START DATASET SECTION

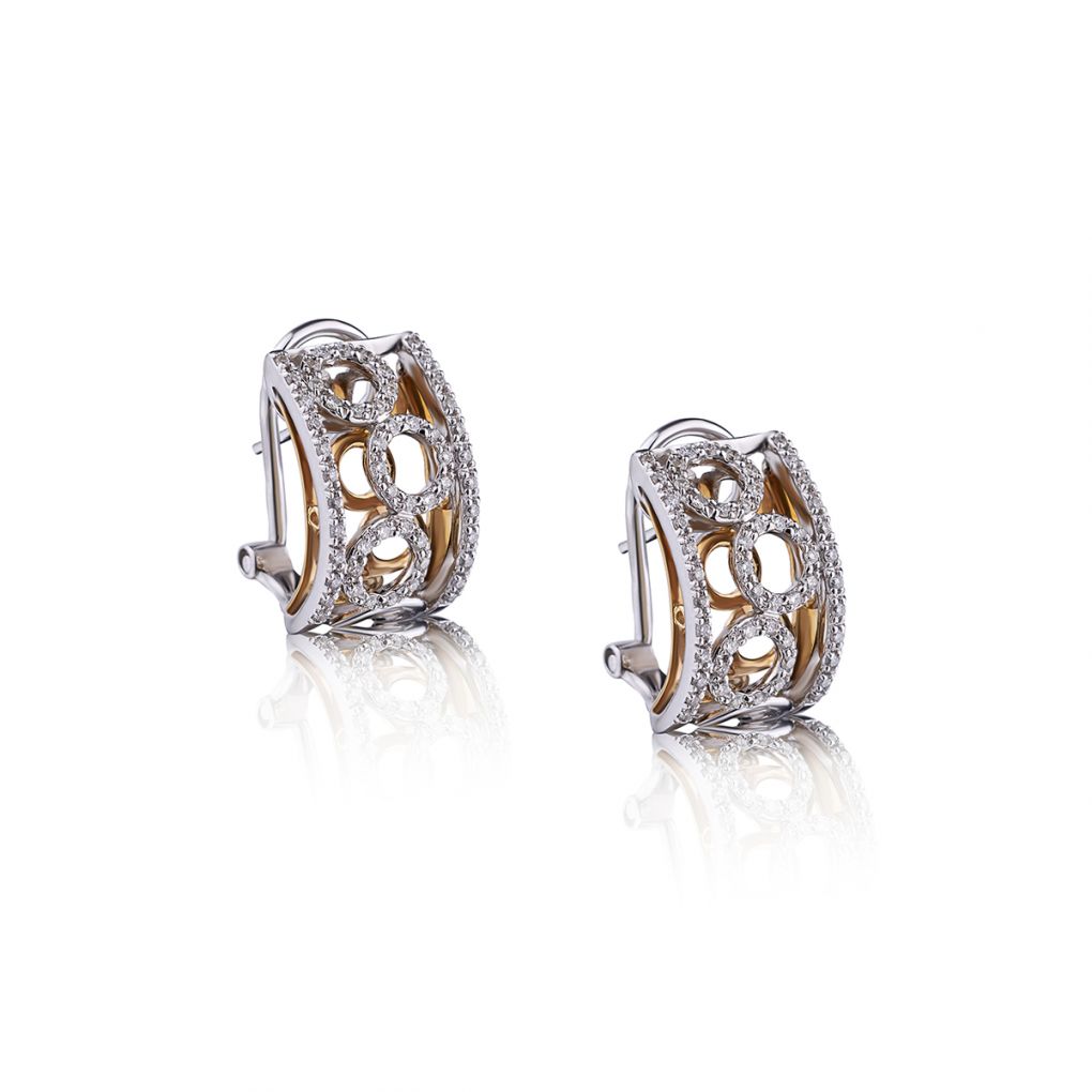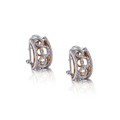 Ladies 18kt yellow and white gold diamond hoop earrings featuring 0.50 carat total weight of Round Brilliant cut diamonds. Diamonds set in white gold with yellow gold circles as back drop. Post and omega backing. 19mm x 11mm. 8.73 grams in weight.
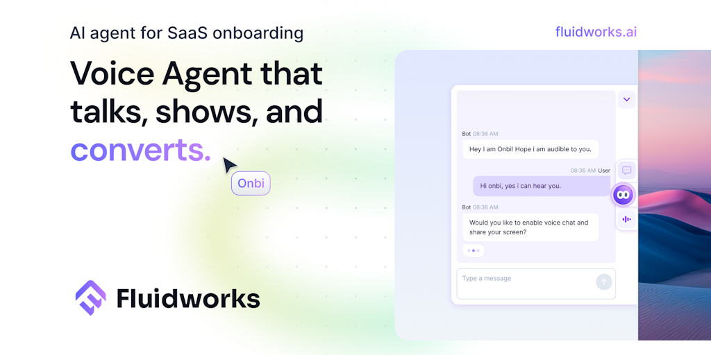 Fluidworks is an AI onboarding agent that lives inside each user’s session in your web app, guiding them in real time with voice and clicks. No more static tours. Just smart, personalized onboarding
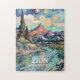 Vibrant Zion River Sunset Retro Van Gogh Watchman Puzzle

END DATASET SECTION

§ **WORK REQUIRED**
When you write out the material, reproduce each line exactly and omit any picture it holds.

§ **SOLUTION TO THE PROBLEM**
 Ladies 18kt yellow and white gold diamond hoop earrings featuring 0.50 carat total weight of Round Brilliant cut diamonds. Diamonds set in white gold with yellow gold circles as back drop. Post and omega backing. 19mm x 11mm. 8.73 grams in weight.
 Fluidworks is an AI onboarding agent that lives inside each user’s session in your web app, guiding them in real time with voice and clicks. No more static tours. Just smart, personalized onboarding
 Vibrant Zion River Sunset Retro Van Gogh Watchman Puzzle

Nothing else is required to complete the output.